Tuesday, July 9, 2013

Pop Quiz - What can we learn from an intervention study?

Pop Quiz

1. Why is a double-blind, placebo-controlled study with random assignment to conditions the gold standard for testing the effectiveness of a treatment?

2. If participants are not blind to their condition and know the nature of their treatment, what problems does that lack of control introduce?

3. Would you use a drug if the only study showing that it was effective used a design in which those people who were given the drug knew that they were taking the treatment and those who were not given the drug knew they were not receiving the treatment? If not, why not?

Stop reading now, and think about your answers. 


Most people who have taken a research methods class (or introductory psychology) will be able to answer all three. The gold standard controls for participant and experimenter expectations and helps to control for unwanted variation between the people in each group. If participants know their treatment, then their beliefs and expectations might affect the outcome. I would hope that you wouldn't trust a drug tested without a double-blind design. Without such a design, any improvement by the treatment group need not have resulted from the drug.

In a paper out today in Perspectives on Psychological Science, my colleagues (Walter Boot, Cary Stothart, and Cassie Stutts) and I note that psychology interventions typically cannot blind participants to the nature of the intervention—you know what's in your "pill." If you spend 30 hours playing an action video game, you know which game you're playing. If you are receiving treatment for depression, you know what is involved in your treatment. Such studies almost never confront the issues introduced by the lack of blinding to conditions, and most make claims about the effectiveness of their interventions when the design does not permit that sort of inference. Here is the problem:
If participants know the treatment they are receiving, they may form expectations about how that treatment will affect their performance on the outcome measures. And, participants in the control condition might form different expectations. If so, any difference between the two groups might result from the consequences of those expectations (e.g., arousal, motivation, demand characteristics, etc.) rather than from the treatment itself.
A truly double blind design addresses that problem—if people don't know whether they are receiving the treatment or the placebo, their expectations won't differ. Without a double blind design, researchers have an obligation to use other means to control for differential expectations. If they don't, then a bigger improvement in the treatment group tells you nothing conclusive about the effectiveness of the treatment. Any improvement could be due to the treatment, to different expectations, or to some combination of the two. No causal claims about the effectiveness of the treatment are justified.

If we wouldn't trust the effectiveness of a new drug when the only study testing it lacked a control for placebo effects, why should we believe a psychology intervention if it lacked any controls for differential expectations? Yet, almost all published psychology interventions attribute causal potency to interventions that lack such controls. Authors seem to ignore this known problem, reviewers don't block publication of such papers, and editors don't reject them.

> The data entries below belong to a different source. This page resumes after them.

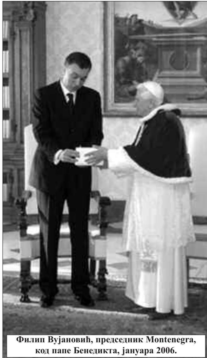
Филип Вујановић, председник Montenegro, код папе Бенедикта, јануара 2006.

реликвије немају цену, јер су од огромне вредности. Ипак, додао је Ницовић, за икону Богородице Филермоске би на светском тржишту, могли добити и десет милијарди долара. Да ли је тај податак важан црногорском режиму, коме ништа није свето!?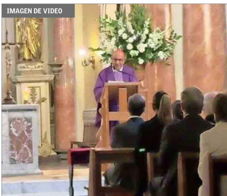
"La sangre de Jaime Guzmán hace una semilla de esperanza", aseguró el cardenal Chomali en su homilía de ayer.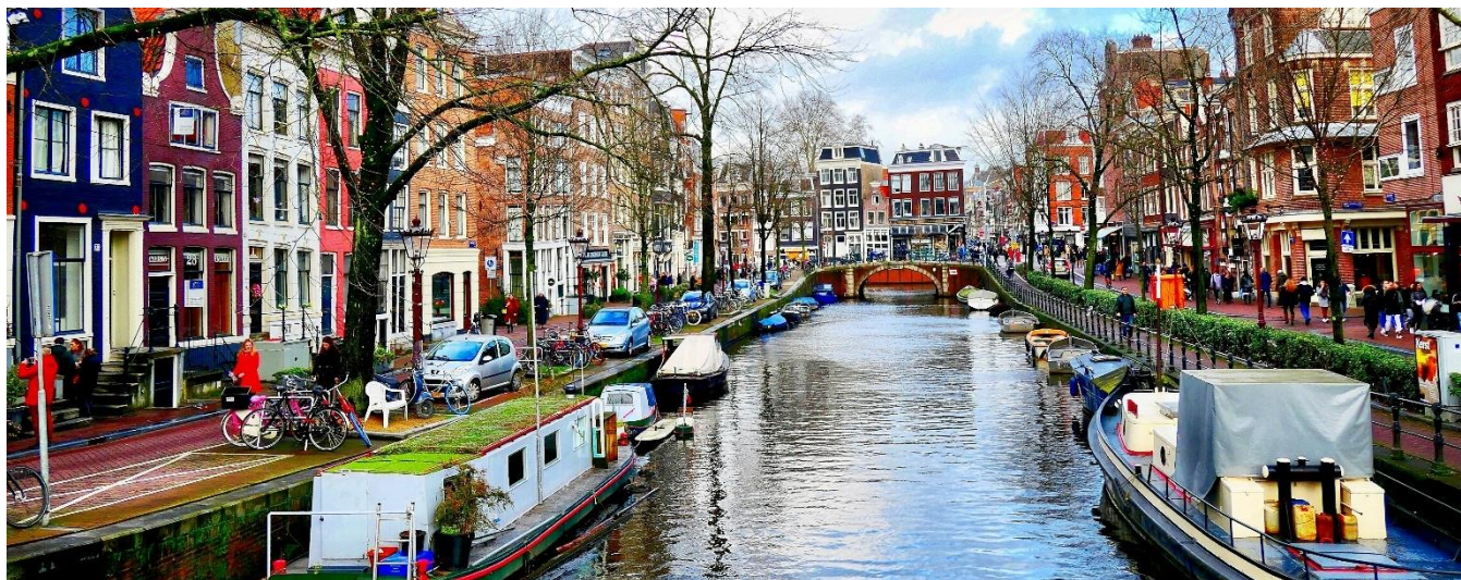
Canal em Amsterdam

Navegação noturna em direção a Amsterdam. A caminho do renomado Rijksmuseum, você terá uma primeira impressão da vibrante diversidade da famosa Capital dos Países Baixos, passando pelos canais típicos, fachadas históricas e bairros modernos. A arquitetura e a atmosfera únicas da cidade se revelam diante de seus olhos enquanto você percorre a capital holandesa. No Rijksmuseum, um dos mais importantes museus de arte da Europa, inicia-se uma fascinante viagem pelo patrimônio artístico dos Países Baixos. O ponto central da visita é a Galeria de Honra, que abriga obras-primas da Era de Ouro holandesa, incluindo pinturas de Rembrandt, Vermeer, Frans Hals e outros mestres. Entre os destaques está a icônica Ronda Noturna, de Rembrandt, assim como as meticulosas cenas interiores de Vermeer. Além das pinturas, o museu apresenta esculturas, mobiliário e artes decorativas que ilustram séculos da história cultural holandesa. Uma excursão inspiradora para quem deseja vivenciar arte e história em um dos cenários museológicos mais excepcionais da Europa. Retorno a bordo e almoço. Tarde livre para explorar a cidade de Amsterdam. Pensão Completa a bordo.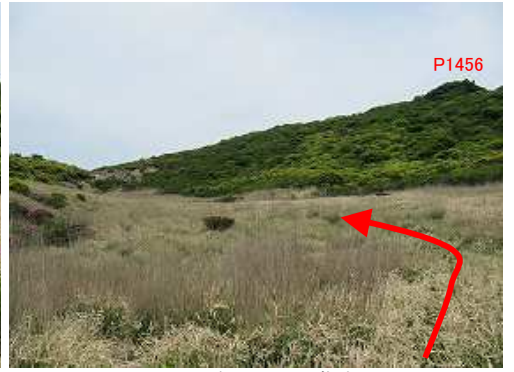
カヤトの中、コルを目指す。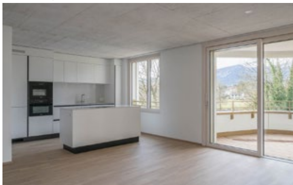
Cuisine haut de gamme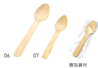
白樺・エコスプーン(完封)(100本入)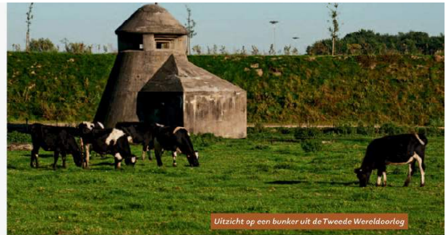
Uitzicht op een bunker uit de Tweede Wereldoorlog

de vijver verder te volgen. Het gaat door wat bosjes. Je komt uit tegenover het rood geverfde kasteel Zorgvliet ③.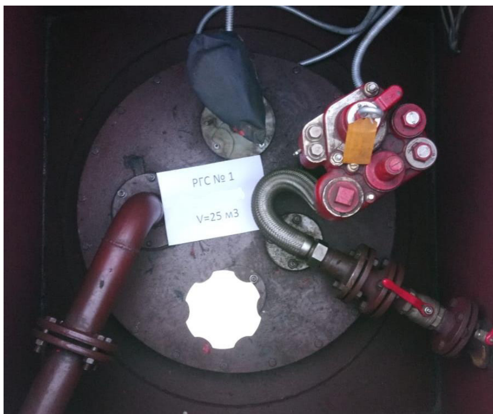
Рисунок 2 – Горловина резервуара РГС-25 зав.№ 1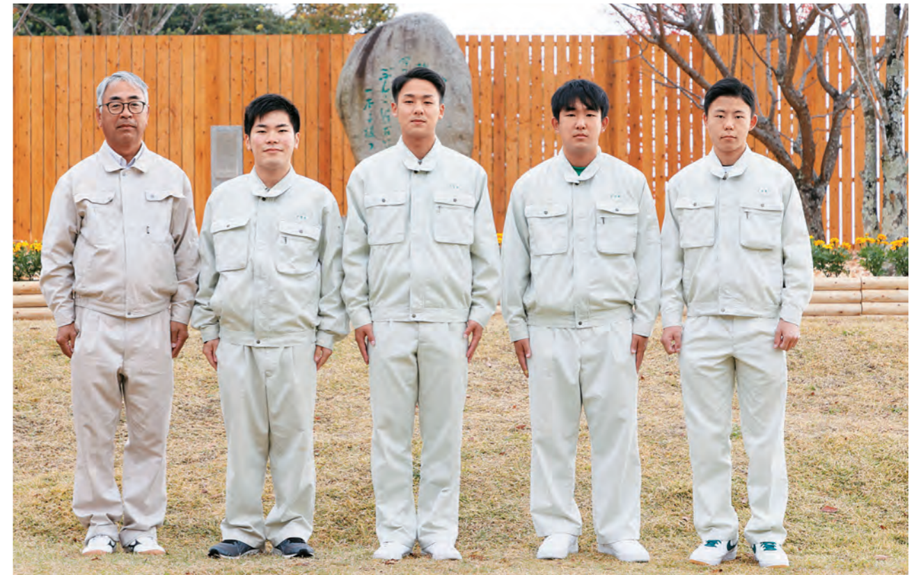
大分県立日田林工高等学校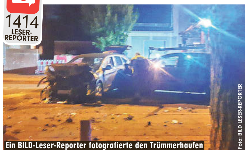
Ein BILD-Leser-Reporter fotografierte den Trümmerhaufen

Most psychology interventions have deeper problems than just a lack of controls for differential expectations. Many do not include a control group that is matched to the treatment group on everything other than the hypothesized critical ingredient of the treatment. Without such matching, any difference between the tasks could contribute to the difference performance. Some psychology interventions use completely different control tasks (e.g., crosswords puzzles as a control for working memory training, educational DVDs a control for auditory memory training, etc). Even worse, some do not even use an active control group, instead comparing performance to a "no-contact" control group that just takes a pre-test and a post-test. Worst of all, some studies use a wait-list control group that doesn't even complete the outcome measures before and after the intervention.

In my view, a psychology intervention that uses a waitlist or no-contact control should not be published. Period. Reviewers and editors should reject it without further consideration -- it tells us almost nothing about whether the treatment had any effect, and is just a pilot study (and a weak one at that). 

Studies with active control groups that are not matched to the treatment intervention should be viewed as suspect—we have no idea what differences between the treatment and control condition were necessary. Even closely matched control groups do not permit causal claims if the study did nothing to check for differential expectations.

To make it easy to understand these shortcomings, here is a flow chart from our paper that illustrates when causal conclusions are merited and what we can learn from studies with weaker control conditions (short answer -- not much):

Figure illustrating the appropriate conclusions as a function of the intervention design




































Almost no psychology interventions even fall into that lower-right box, but almost all of them make causal claims anyway. That needs to stop.